I’ve discussed some simple least squares applications in my Blog. It’s time to do something super cool.

For example land a rocket.

spaceX

What’s in this article?

We will first formulate the rocket landing problem as a mathematical optimization. Then, we will discuss how to solve the optimization efficiently. Specifically, I will

  1. Formulate the rocket landing problem as a least squares optimization problem.
  2. Discuss some least squares common techniques.
    1. Regularization.
    2. Separable objective function.
    3. Sparse linear system solver.
  3. Implement in C++.
  4. Discuss a classical paper CHOMP about motion planning.

Prerequisite

You need to know Linear Algebra and Multi-variable Calculus. We are going to formulate the rocket landing problem as a least-squares which allow us to solve a optimization super fast.

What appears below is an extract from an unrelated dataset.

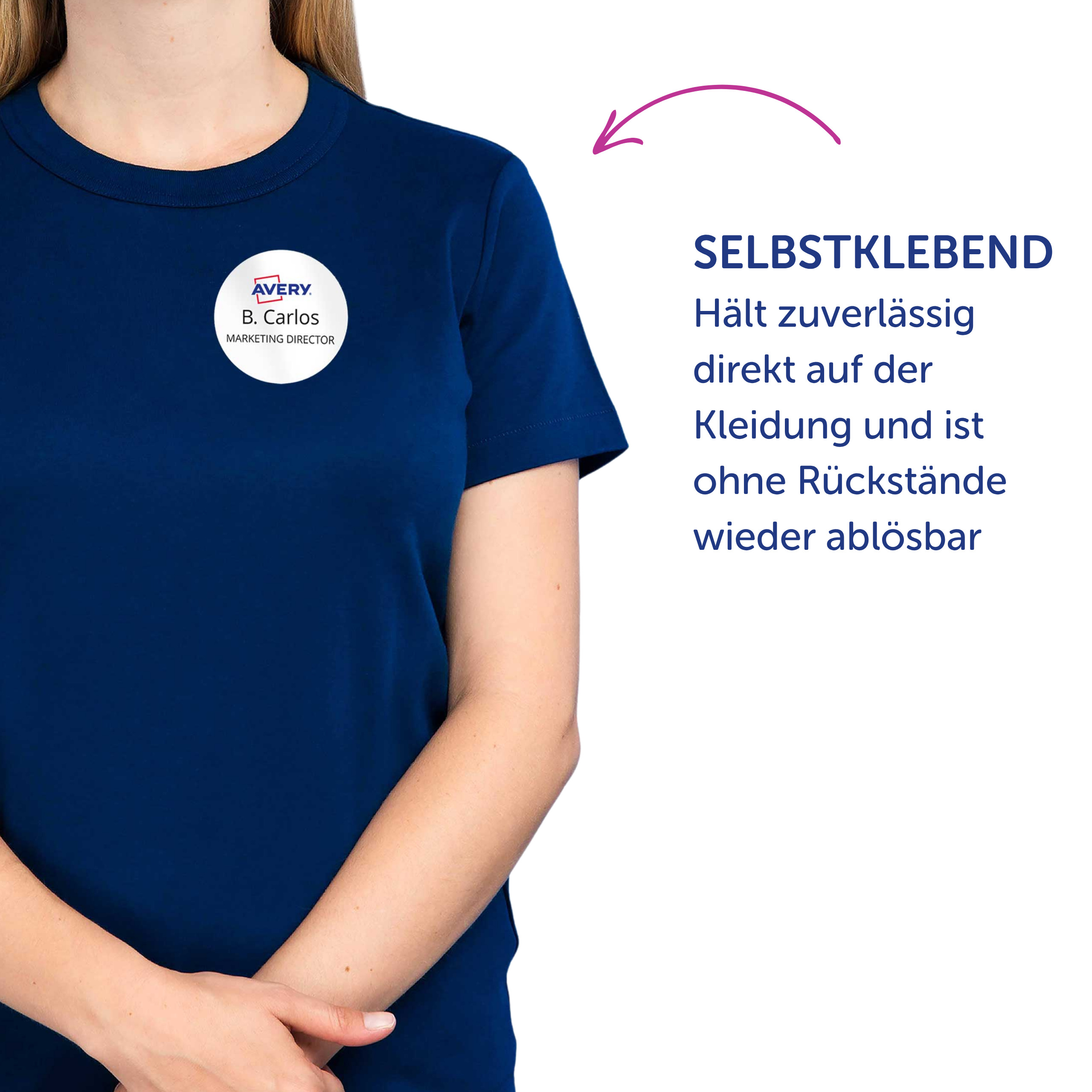 Qualität vom Etiketten-Experten: die selbstklebenden, ablösbaren Namens-Etiketten L4784-20 für Laser-Drucker von Avery Zweckform im Format 63,5 x 29,6 mm erleichtern Ihnen die Organisation von Veranstaltungen, Seminaren und Konferenzen. 540 weiße, bedruckbare Textil-Etiketten auf 20 Bogen. Die rechteckigen Namensschilder sind die perfekte Alternative zu Plastikschildern mit Nadel oder Clip. Die Namensschilder aus Acetatseide haften zuverlässig auf Kleidung und Textilien und lassen sich rückstandsfrei wieder ablösen. Die Rückseiten-Stanzung der Namensschilder erlaubt das einfache Heraustrennen der Namens-Etiketten samt Trägerfolie für eine spätere Verwendung. Die Textil-Etiketten sind nicht geeignet für Leder, Seide, Samt und andere empfindliche Textilien. Die Namens-Etiketten bieten einen garantiert staufreien Druckerdurchlauf auf allen gängigen Laser-Druckern. So arbeiten Sie effizient wie stressfrei und schaffen sich wertvolle Zeit für die wirklich wichtigen Dinge. Ideen drucken - einfach & professionell: mit Etiketten von Avery Zweckform können Sie den kostenlosen Online Etiketten-Designer unter www.avery.eu/print nutzen. Gestalten Sie Ihr Etikett mit der Software komplett selbst, verwenden Sie eine der Design-Vorlagen zu zahlreichen Themen, die Sie individuell anpassen können oder laden Sie Ihr fertiges Design hoch und drucken anschließend standgenau aus. So schnell und einfach sorgen Sie für einen professionellen Auftritt. Think & Care - Avery Zweckform ist seit 2020 klimaneutral: die Treibhausgasemissionen des Standortes werden durch zertifizierte Klimaschutzprojekte ausgeglichen. Schon seit 2014 wird ausschließlich Ökostrom/-gas verwendet. Forschung, Entwicklung, Produktion, Logistik und Verwaltung am Firmenstandort in Oberlaindern/Bayern garantieren höchste Qualitäts- und Umweltstandards sowie kurze Lieferwege. Die Etiketten aus PVC-freier Acetatseide werden klimaneutral hergestellt, die Emissionen des Materials werden kompensiert. Made in Germany.

This article refreshes almost of the math concept used: Least squares refresh

Read a simpler application of least squares is highly recommended since I will skip some simple least squares concepts: Lucas-Kanade visual tracker.

Weighted Nonlinear Least Squares Refresher

For a residual function \(r(x)\),

\(r(x) : R^n \to R^m\).

Define the cost function to be,

\(\text{minimize} \; cost(x) = r(x)^T W r(x)\).

To minimize it, we linearize the residual function at the current variable \( x_{0} \) as,

\(r(\Delta{x}) \approx J(x_0) \Delta{x} + r(x_0)\).

Where \(\Delta{x} = x – x_{0}\).

To simplify notations, let \(J = J(x_0), r = r(x_0)\),

Plug in the cost function,

\(cost(x) \approx \Delta{x}^T J^TWJ \Delta{x} + 2 J^T W b \Delta{x} + b^T b\)

It is a quadratic, we can optimize the linearized cost in one step by solving the normal equation,

\(J^TWJ \Delta{x} = -J^TWb\)

and we update x by,

\(x = x_{0} + \Delta{x}\)

We do this iteration until we meet a terminating condition. e.g. \(\Delta{x}\) is small.

Nonlinear least squares summary:

  1. Linearize the residual function \(r(x)\) at current variable \(x_0\) , \(r(\Delta x) = J \Delta x + r\). Where \(\Delta{x} = x – x_{0}\), So the cost function \(\text{cost}(x) = r(x)^TWr(x)\) is approximated as a quadratic form.
  2. We can minimize the quadratic form in 1 step by solve the Normal equation \(J^TWJ \Delta{x} = -J^TWb\).
  3. Because of the change of variable \(\Delta{x} = x – x_{0}\), we update varible x by \(x = x_{0} + \Delta{x}\).
  4. If not converge. e.g. \(\Delta{x}\) is small. We go back to 1.
Check this post for details. https://wang-yimu.com/least-squares-refresher/

We will follow this procedure to solve the rocket landing problem.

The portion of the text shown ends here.